Core descriptions yielded distal, medial, and proximal facies associations, distinguished by differences in occurrence and abundance of sedimentary structures (scours, graded beds, wave vs current ripples) bioturbation, and fossil debris (shell fragments, forams, coccoliths). Pore types are heterogeneously distributed between facies associations, with organic-hosted pores more abundant distal, and inter- and intra-granular pores most common proximal. Cementation and pore occlusion by calcite is commonly observed proximal, likely a reflection of preferential cementation due to association with flooding surfaces.
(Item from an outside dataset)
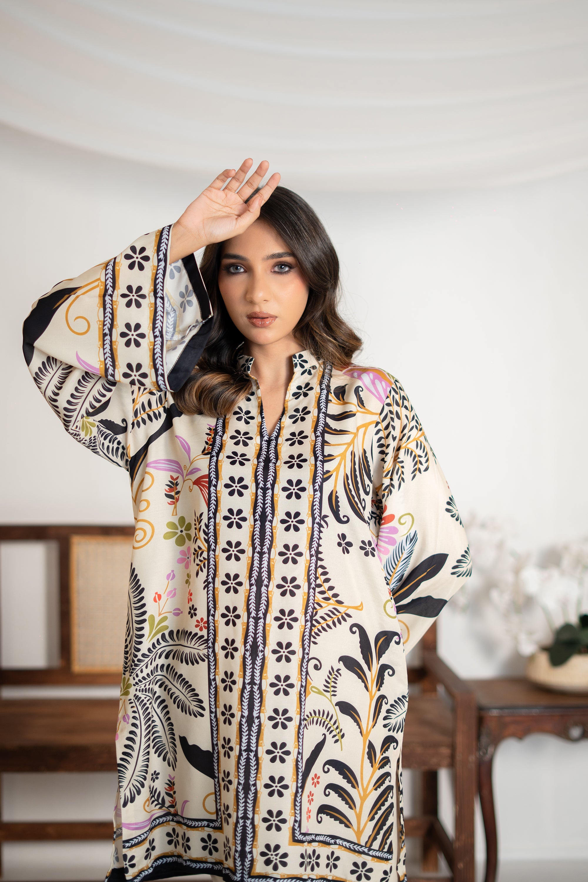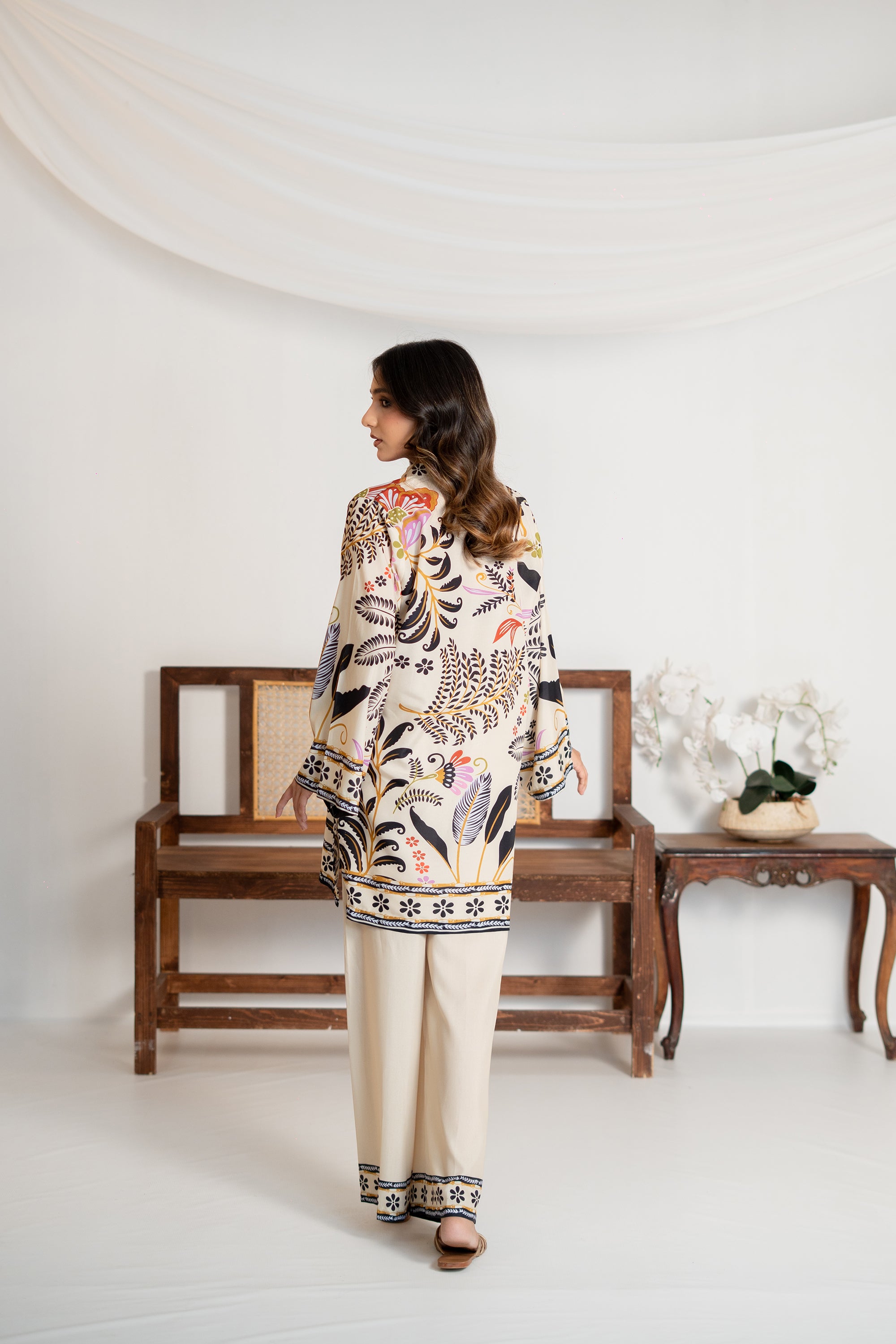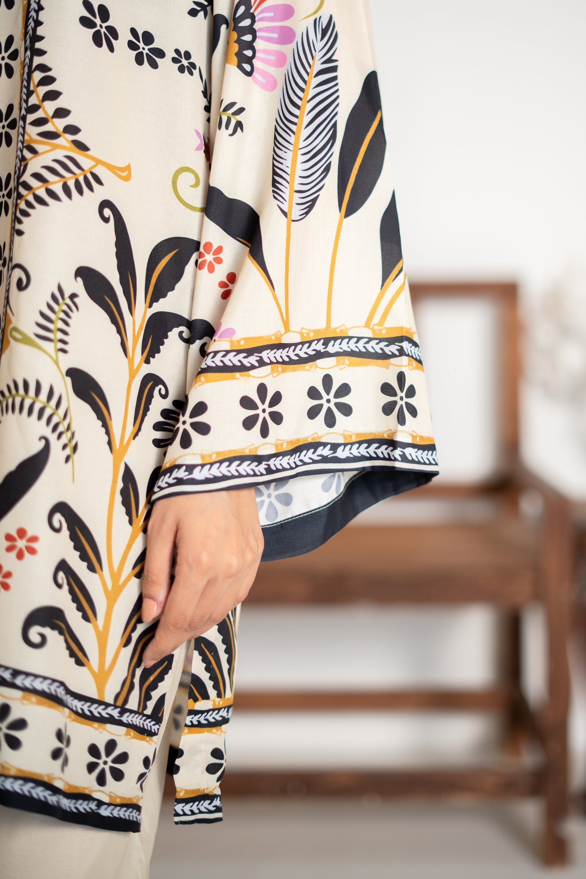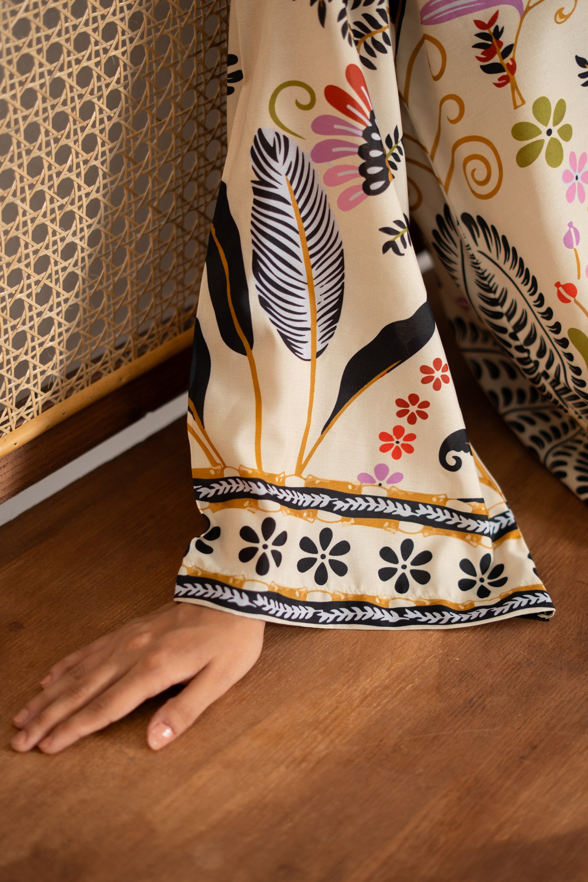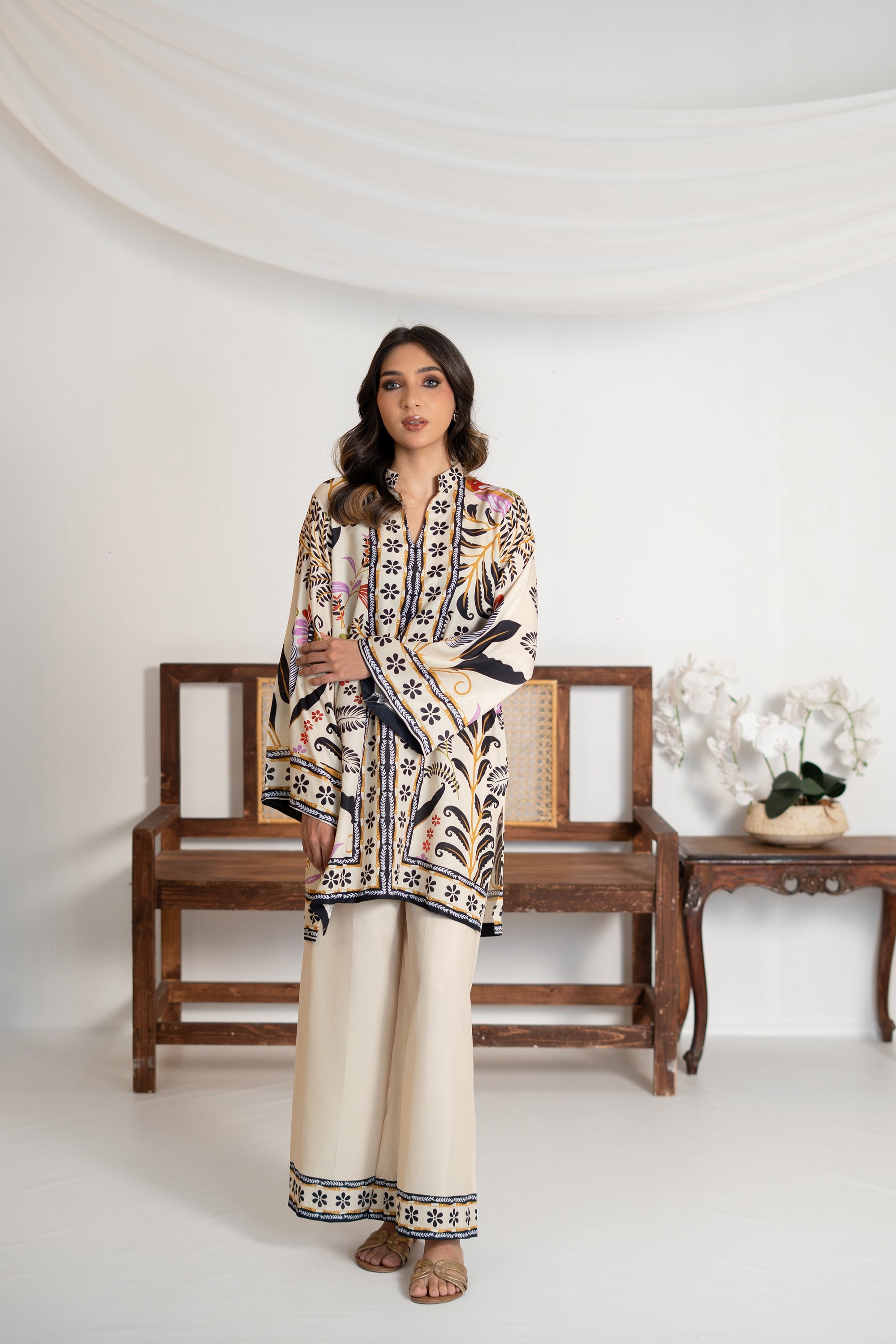 This elegant Printed Swiss Lawn ensemble pairs a flowy, printed kurta with wide-leg trousers for a refined yet relaxed look. The ivory base is adorned with intricate floral and botanical motifs in black, gold, and hints of blush, giving it a timeless charm. The straight kurta features a banded neckline and wide sleeves finished with a patterned border, while the trousers carry matching detailing along the hem for a cohesive touch. Lightweight and breathable, this outfit is perfect for warm days when you want comfort without compromising on style.
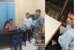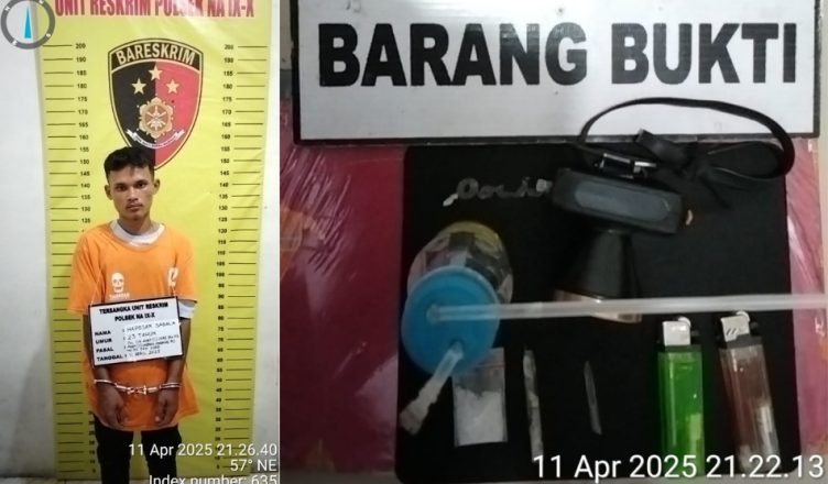 LABURA-LH: Team Opsnal Polsek Na:IX-X Resor Labuhanbatu berhasil menangkap Seorang Laki-laki (23 Tahun) bernama Haposan Sagala Als Posan Warga Dusun II Hatapang Desa Hatapang di salah satu Pondok di Pinggir Sungai Aek Kota Batu tepatnya di Dusun I Simpang Marbau Kecamatan Na:IX-X Kabupaten Labuhanbatu Utara (Labura) pada Jum’at Malam Pukul 19.00 WIB (11/04/2025).

Facies association is an important factor that determines bulk porosity and influences reservoir performance. Variability in the attributes of the described distal, medial, and proximal facies associations translates into significant variability of rock properties such as TOC and porosity. In turn, this variability likely exerts control over the quality and distribution of intervals that are optimum source and reservoir of hydrocarbons in the Eagle Ford Shale. The medial facies association most likely has the best porosity development when a favorable combination of more commonly abundant calcareous fecal pellets and organic material versus clay content is present. The systematic arrangement of facies associations into parasequences is the basis for testing and predicting the best development of optimal reservoir facies within a sequence-stratigraphic framework in the Eagle Ford Shale.